For the various experiments summarised above, quantitative data were expressed as the mean ± standard error and the results were statistically analysed using Student t test. Differences were considered statistically significant when the p values were < 0.05.

In the first set of experiments, we showed that after 2 h in co-cultures, infected T cells were able to adhere to TECs, exhibiting an AI that was significantly higher than that obtained with the uninfected T cells (Fig. 1). We thus tested whether, in heterocellular cell-cell adhesion conditions, we could detect viral proteins in TECs.
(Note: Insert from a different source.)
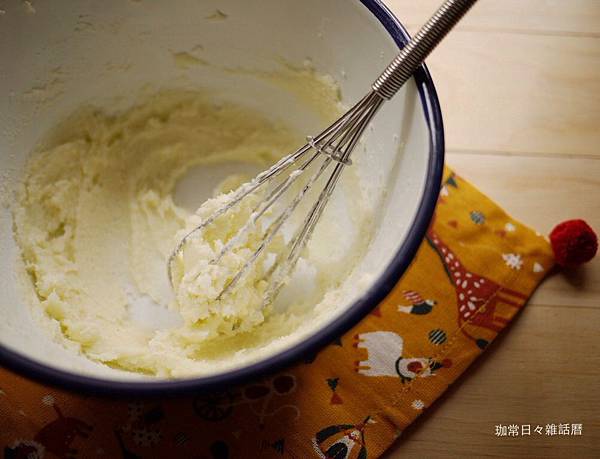 奶油於室溫下軟化後,用打蛋器攪拌成泥狀再加入細砂糖攪打均勻成微白狀
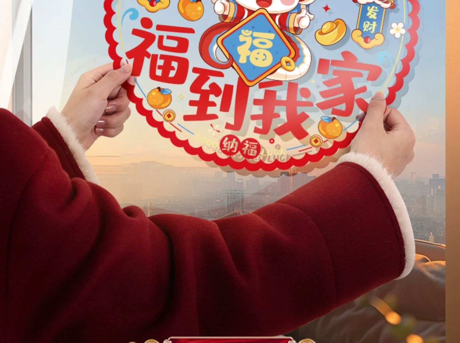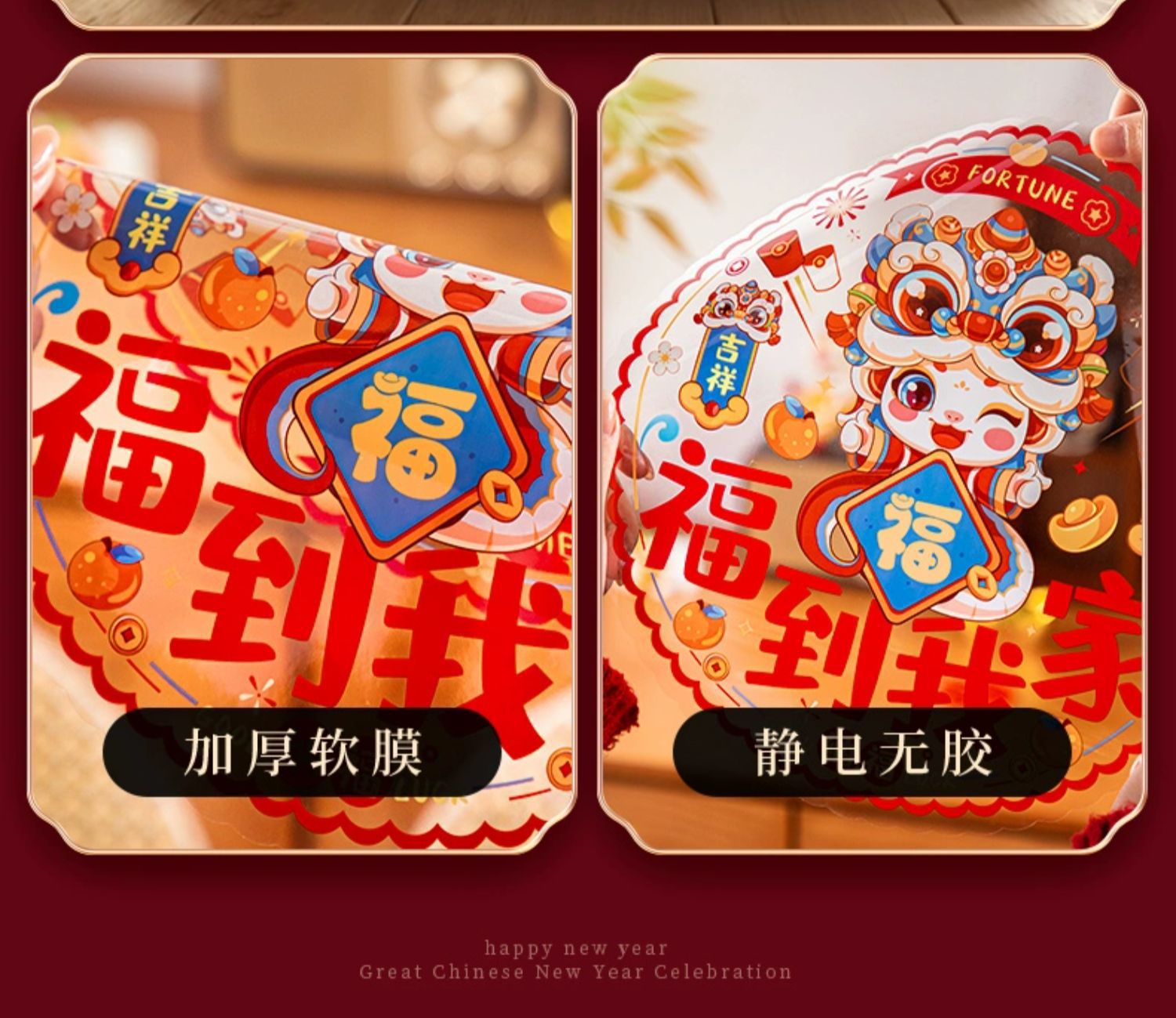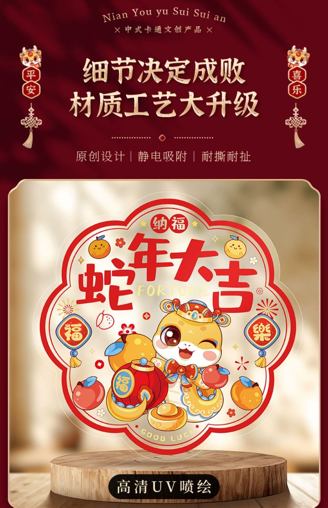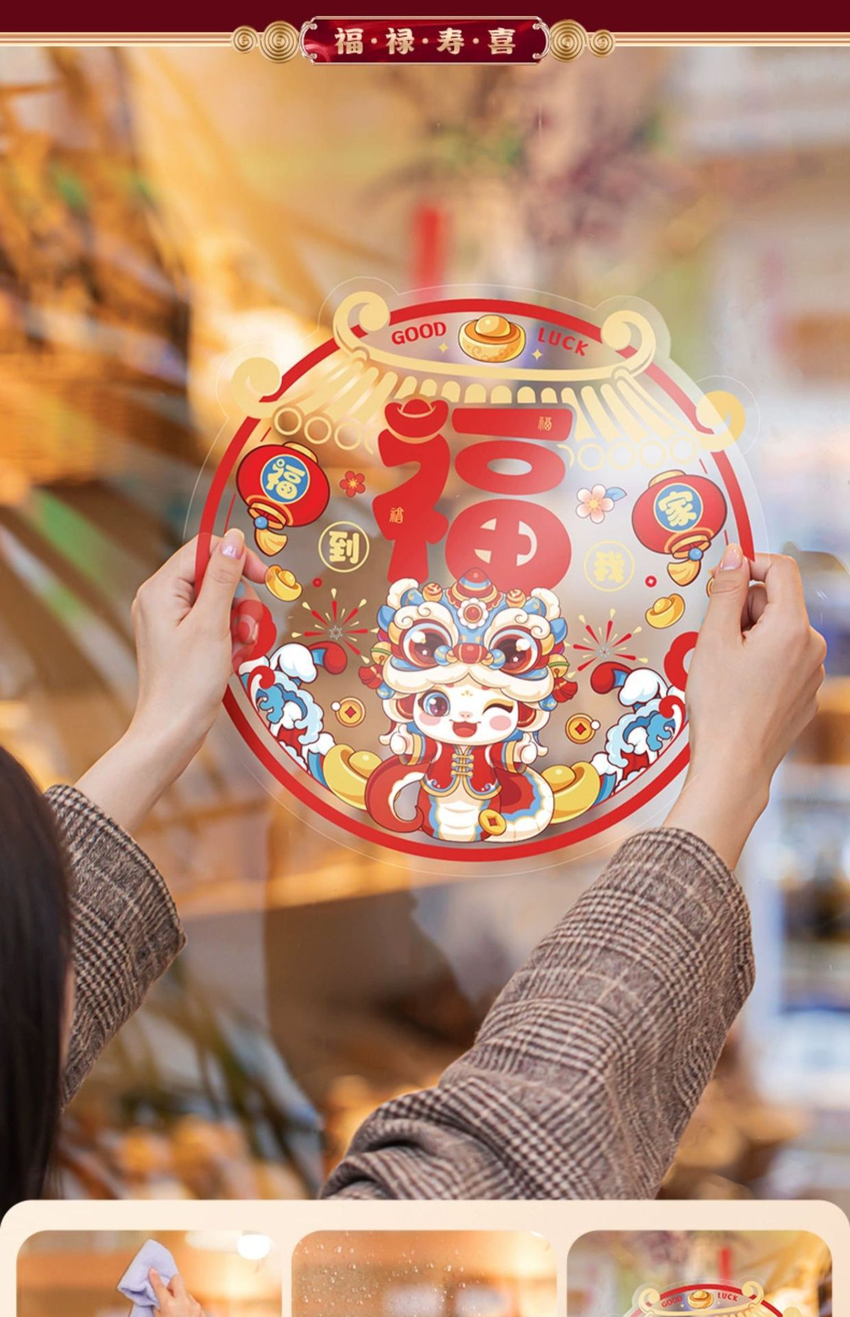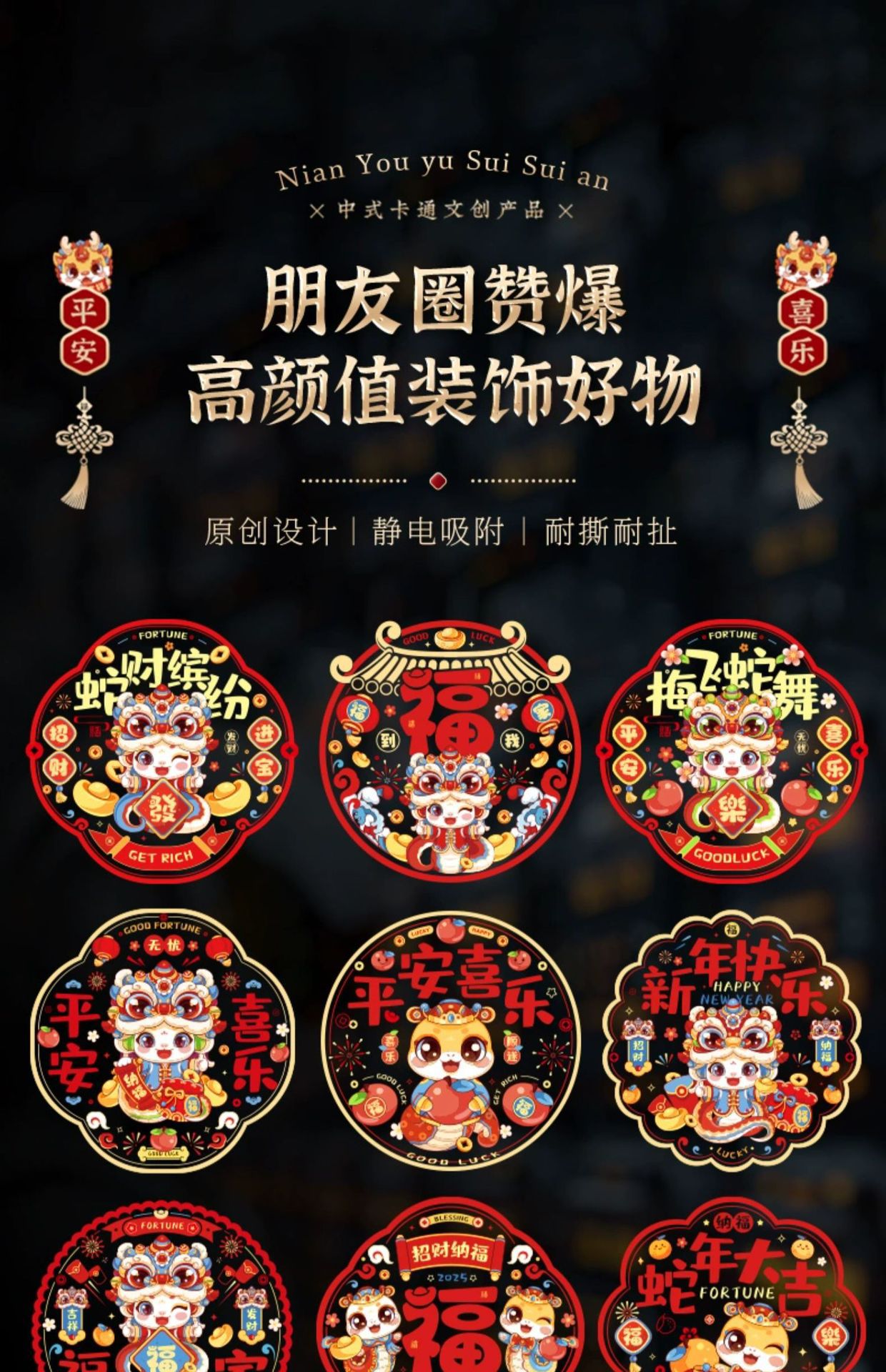 【拍1发12!2025蛇年厚款双面静电窗花】春节静电贴福字玻璃窗贴 不伤玻璃 可重复使用 新年剪纸生肖 春联大礼包

We co-cultured the cells for 24 h and then the TECs were stained with anti-cytokeratin and anti-gp46 antibodies. As seen in Fig. 2A, viral gp46 and cytok2ratin were co-localised in TEC cultures, indicating that these cells might have HTLV-1 on their surface or in the cytoplasm. This result was confirmed using double-label immunofluorescence for the detection of cytokeratins and the viral matrix protein p19 (Fig. 2B).

We then tested the hypothesis that TECs can be infected by free HTLV-1 virions using the supernatant of infected T cells. Epithelial cells were cultured for 90 min with supernatant harvested from infected T cells cultured for 72 h. Cells were then washed, immunostained with the anti-gp46 antibody to detect this viral protein on their surface and analysed by cytofluorometry. As shown in Fig. 2C, only TECs incubated with supernatants from HTLV-1-infected lymphocytes were labelled to visualise viral gp46.
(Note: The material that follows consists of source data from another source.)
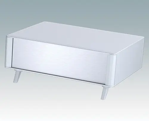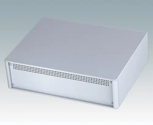 Boitiers pupitres modernes et élégants pour électronique de table. Cadres frontaux et arrière élégants sur le corps de boitier en aluminium. Des cache-vis encliquetables à l'avant et l'arrière masquent les vis de fixation du boitier et celles de la plaque avant, et confèrent ainsi à l'ensemble une apparence très professionnelle. La base du châssis interne pré-assemblé comprend quatre pieds de montage M3 pour carte de circuits imprimés. Le châssis interne peut aussi être équipé de 5 cartes de circuits imprimés grâce au guide-carte auxiliaire M6490010 (commander 4 guides par carte).
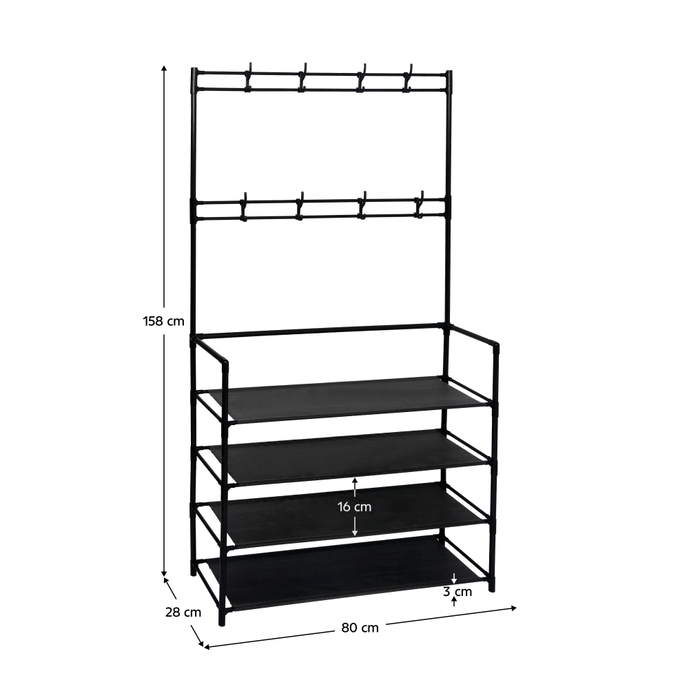 Cuier cu suport pentru pantofi, negru, TARAS
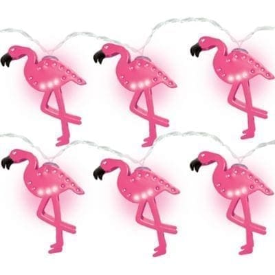 Make your summer party colorful and bright by decorating with Flamingo LED String Lights! The string lights feature attached covers that look like flamingos. String these flamingo lights along the wall on a stair railing or anywhere else in your home. Turn your party into a tropical island by decorating with these flamingo lights! Flamingo LED String Lights product details: 4 1-2ft total length 3ft lighted length 10 lights 2in wide x 2 1-2in tall Attached battery pack On-off switch Require 2 AA batteries (not included).
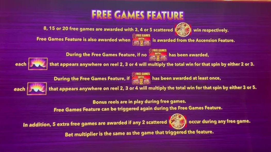 - 在免费旋转中,日出符号除了作为百搭符号外,还应附带2倍或3倍乘数,用于该旋转的所有奖金。但如果玩家使用3至5枚金币再次触发奖励,则所有剩余旋转的百搭乘数将为3倍或5倍。
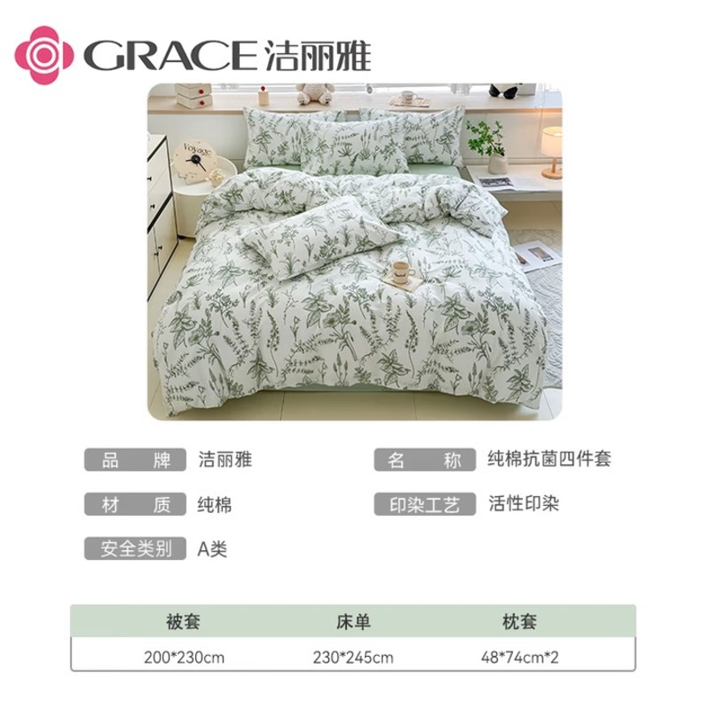 洁丽雅(Grace) 如茉纯棉四件套 CP1395 商品尺寸被套:200*230cm 混色(单位:套)
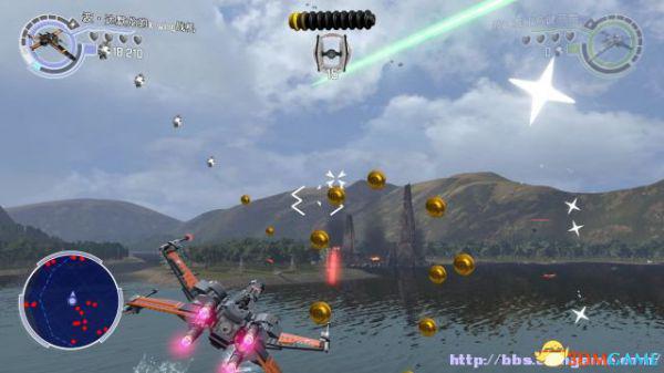 step11.驾驶战机进行空战,第一次战斗需要毁掉15架TIE战机,记得要摧毁水面钮钉环下的装置,摧毁4个可以完成一个挑战。
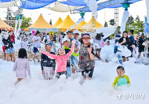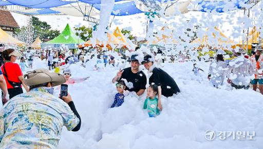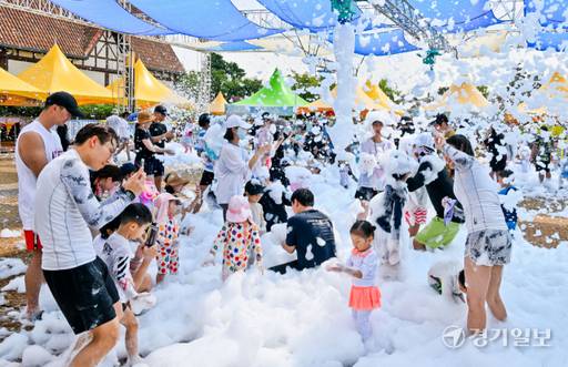 징검다리 연휴 마지막날인 15일 오후 수도권에 폭염이 계속된 가운데 안성시 팜랜드를 찾은 시민들이 버블&버블 행사에서 뿌려지는 비눗방울을 온몸에 맞으며 즐거운 한때를 보내고 있다.
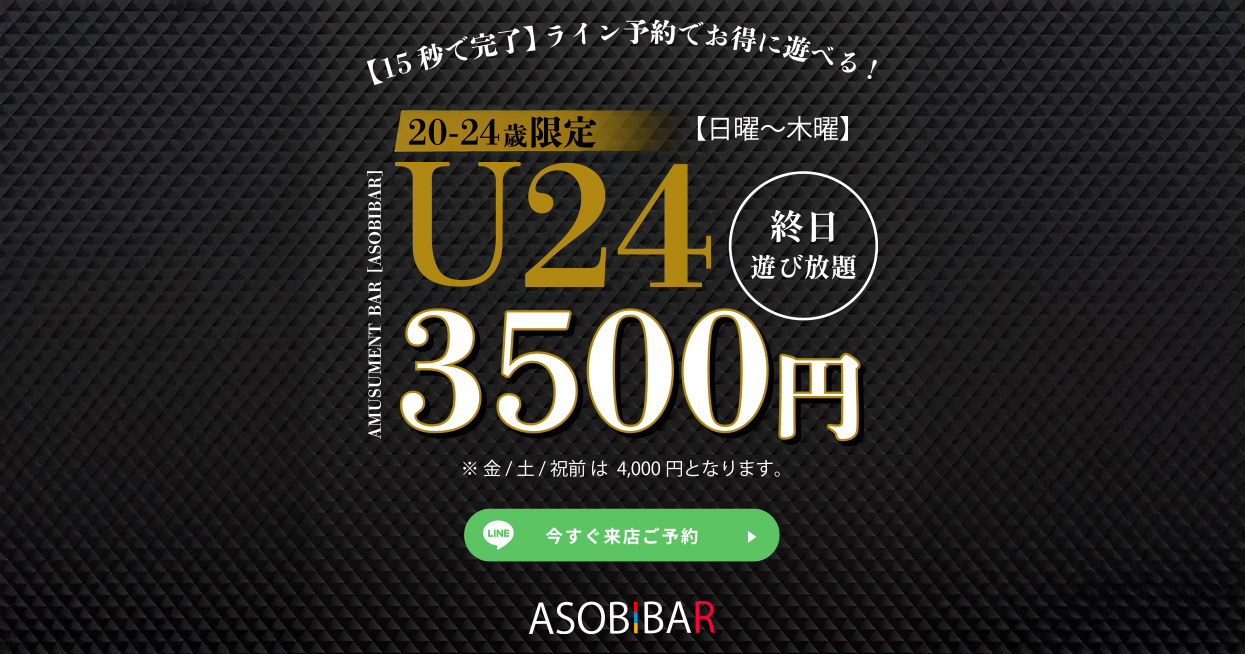 ASOBIBARで非日常の体験を是非お楽しみ下さい。

Finally, we used reverse transcription-PCR to screen for the presence of the Tax gene in the genome of TECs treated with HTLV-1 infected cells. These experiments revealed that HTLV-1 was able to penetrate into TECs and integrate its proviral DNA (Fig. 2D).

In conclusion, we showed herein that the human thymic epithelium can be infected in vitro by HTLV-1, not only via cell-cell contact, but also via exposure to virus-containing medium.

Given that activated T lymphocytes and dendritic cells recirculate from the periphery to the thymus (Tian et al. 2007, Li et al. 2009) and that HTLV-1 can be transmitted in a cell-free manner, as has been reported for dendritic cells (Jones et al. 2008), it is conceivable that T lymphocytes and dendritic cells, once infected by HTLV-1, carry the virus into the thymus and infect microenvironmental cells, such as TECs. Thus, we hypothesize that the human thymic epithelium is a putative reservoir for HTLV-1, opening up a research field related to the role of the thymus in the HTLV-1 infection cycle.